■ **EXERCISE DESCRIPTION**: Quote all lines below exactly. Images stay out.

■ **SUPPLIED INFORMATION**:
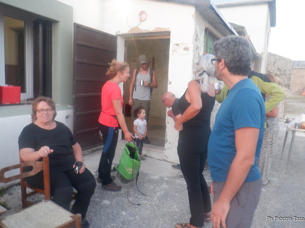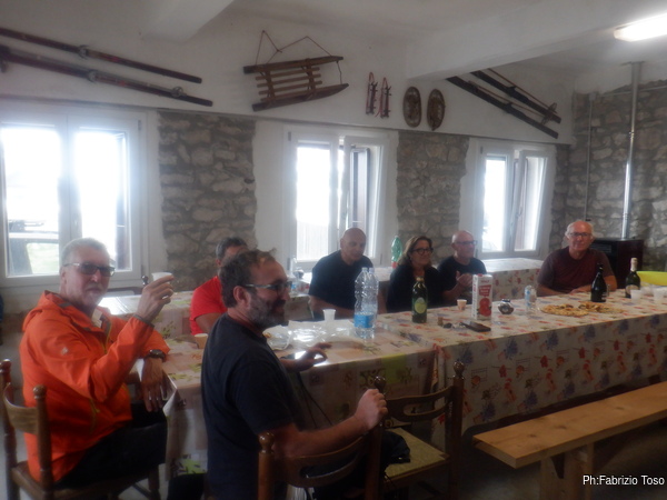Arriviamo al rifugio che ora sembra deserto. Quasi tutti i convenuti sono oramai partiti o sono in procinto di farlo. Solo nella sala comune troviamo un po’ di amici ancora a tavola a condire con qualche chiacchiera uno spuntino aperitivo. Con la fame e la sete che ho non mi faccio pregare e approfitto mischiando pezzi di torta a bocconi di formaggio col pane e un paio di bicchieri di vino. Mentre ci rifocilliamo ci aggiorniamo reciprocamente sugli accadimenti odierni e qualche primo commento sulla bella riuscita di questo campo.
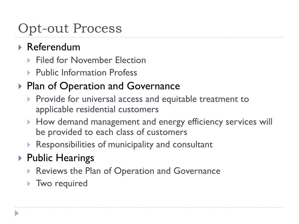 Opt-out Process • Referendum • Filed for November Election • Public Information Profess • Plan of Operation and Governance • Provide for universal access and equitable treatment to applicable residential customers • How demand management and energy efficiency services will be provided to each class of customers • Responsibilities of municipality and consultant • Public Hearings • Reviews the Plan of Operation and Governance • Two required
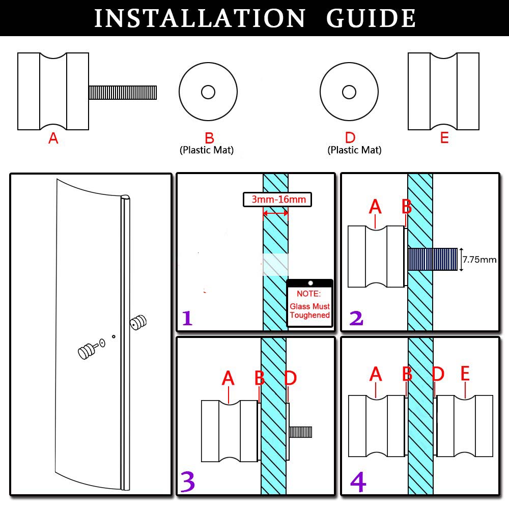 Shower Glass Door Knob Bathroom Round Back-to-Back Handle SUS304 Brushed Nickel
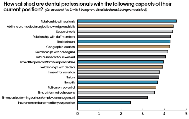 “More than half of the survey respondents cited insurance reimbursement as a source of stress in their practices,” she said. “The logical conclusion is that they’re referring to lower or unsatisfactory reimbursement. During my travels around the country, I hear from audiences who are upset with insurance processing, the lowering of rates and the increased scrutiny PPO providers endure. Occasionally, I hear from offices that are satisfied with reimbursement levels, but those plans are few and far between.

■ **EXPECTED ANSWER**:
Arriviamo al rifugio che ora sembra deserto. Quasi tutti i convenuti sono oramai partiti o sono in procinto di farlo. Solo nella sala comune troviamo un po’ di amici ancora a tavola a condire con qualche chiacchiera uno spuntino aperitivo. Con la fame e la sete che ho non mi faccio pregare e approfitto mischiando pezzi di torta a bocconi di formaggio col pane e un paio di bicchieri di vino. Mentre ci rifocilliamo ci aggiorniamo reciprocamente sugli accadimenti odierni e qualche primo commento sulla bella riuscita di questo campo.
 Opt-out Process • Referendum • Filed for November Election • Public Information Profess • Plan of Operation and Governance • Provide for universal access and equitable treatment to applicable residential customers • How demand management and energy efficiency services will be provided to each class of customers • Responsibilities of municipality and consultant • Public Hearings • Reviews the Plan of Operation and Governance • Two required
 Shower Glass Door Knob Bathroom Round Back-to-Back Handle SUS304 Brushed Nickel
 “More than half of the survey respondents cited insurance reimbursement as a source of stress in their practices,” she said. “The logical conclusion is that they’re referring to lower or unsatisfactory reimbursement. During my travels around the country, I hear from audiences who are upset with insurance processing, the lowering of rates and the increased scrutiny PPO providers endure. Occasionally, I hear from offices that are satisfied with reimbursement levels, but those plans are few and far between.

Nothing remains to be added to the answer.